Care Net president Roland Warren sees far more theological unity than tension between Catholics and local Care Net centers, especially as their pro-life work broadens beyond abortion prevention. “I have found a strengthening relationship around not just the sanctity of life, but the sanctity of marriage and family as God designed,” he said. “Those things are forming a tighter relationship between Catholics and evangelicals.”
Warren pointed out that Care Net was formed 40 years ago at the prompting of Catholic leaders, who called on former Surgeon General C. Everett Koop and theologians Francis Schaeffer and Harold O. J. Brown to involve evangelicals in opposition to abortion.

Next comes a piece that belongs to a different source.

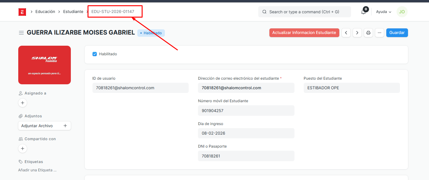 Retrocedemos al modulo de estudiante nuevamente:

“Care Net actually came about because Protestants and evangelicals were not engaged in the life issue,” he said. “Catholics had taken the lead on it. And when Roe v. Wade was passed, some Protestant denominations were pro-choice and many were silent. We had no real focus or engagement around the issue.” (Brown founded Care Net in 1975 as the Christian Action Council.)
Gadbaugh first became convicted on abortion through Koop and Schaeffer’s “How Should We Then Live” speaking tour, which stopped in Portland in the ’70s. Today he sees growing evangelical involvement in pro-life issues; but like Wendt and others, he also continues to see Catholics lead the movement through National Right to Life chapters and 40 Days for Life campaigns.
Focus on the Family president Jim Daly attended the March for Life—America’s largest pro-life rally—for the first time last year, as his organization and the Ethics and Religious Liberty Commission launched the first Evangelicals for Life conference. The event boosted evangelical attendance at the march, held each year in Washington, DC, around the Roe v. Wade anniversary.
“It’s our chance as committed, born-again believers to stand up and tell the world that the sanctity of life is something more than a political issue—that it is, in fact, an indispensable element of the gospel message,” stated Daly, who is scheduled to march again this year.
As evangelicals and Catholics partner more closely to minister to women with unplanned pregnancies, they are also more likely to stand side by side to rally for the cause. “There’s a vast difference, even over the past 10 to 20 years,” said Cooper. “We’re understanding and applying Christ’s call for unity.”